Densho Digital Archive
Densho Visual History Collection
Title: Lorraine Bannai Interview
Narrator: Lorraine Bannai
Interviewers: Margaret Chon (primary), Alice Ito (secondary)
Location: Seattle, Washington
Date: March 23 & 24, 2000
Densho ID: denshovh-blorraine-01-0008

<Begin Segment 8>

AI: Well, I wanted to ask one more question about your high school years. That was the time where you mentioned your father became active in city politics, and I was wondering if you'd tell a little bit about the impact on your family and you yourself. How were you involved in his campaigning?

LB: We were very much involved in his campaigning. I remember sitting in open cars at little Veterans Day parades or something, going down the street with him and posing for press campaign photos, and we canvassed door to door in the community for him, asking people to vote for him. So we were very much involved in it, working at campaign headquarters, stuffing envelopes, and he had little fortune cookies that had little messages inside that said, "Bannai for you in '72." I think we still have some of those fortune cookies around. And I remember packing them all up into plastic. So we were very involved in both his city council race and then later on during his assembly races. It was a good experience. I learned about the political process. I met some interesting people. I remember meeting S.I. Hayakawa and Ronald Reagan.

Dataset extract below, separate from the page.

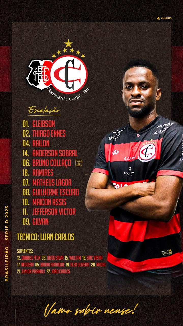 CAMPINENSE: Gleibson; Thiago Ennes (João Carlos), Railon, Anderson Sobral e Bruno Colaço; Ramires, Matheus Lagoa e Guilherme Escuro (Júnior Pirambu); Maicon Assis, Jefferson Victor (Negueba) e Gilvan. Técnico: Luan Carlos.

So I suppose one lesson I've always thought about is that that was really good for me because it really made me feel like I need not be intimidated by famous people, and in fact, famous people may not necessarily be anything more than regular folks who somehow achieved some particular office. I think that's served me well in my life, to put all that in perspective. So it was very exciting for my family that he did this, but it was also really very difficult. Suddenly -- well, he had always been very active in the community. Certainly his political office put our family very much into the public light and public scrutiny. And I know that that was really very difficult at times. People instantly thought we were very wealthy. For some reason people seem to think that when you have a parent in political office you must be a rich person. And so I did, at times, I felt that it was a disadvantage. We were still in school. We were still pretty young, still very conscious about how our peers thought about us. And so I think sometimes it was a disadvantage.

I remember I got a job at the UC Santa Barbara Bookstore when my father was in the state legislature. I recall someone telling me that someone thought I might have gotten that job through nepotism. That my father, in the California State Legislature in Sacramento would have any influence in what happened at the UC Santa Barbara Bookstore, I can't imagine, but I think there was certainly that self-consciousness that we all carried with us, that people would think that somehow we were successful because my father intervened or had someone intervene. And in fact, I really felt strongly that I didn't want to go to Hastings, and I'd rather go to a private school because I just didn't want people thinking for the rest of my life that I got into a UC school because my father got me there. Certainly when I was in high school and college and starting law school, my father was well-known in the Japanese American community, and that was a great source of pride for me. Obviously, I was very proud of him and what he had achieved. But it also could be difficult at times when you grow up being Paul Bannai's daughter and not who you are, Lori Bannai. And I think all of us experienced that in one way or another.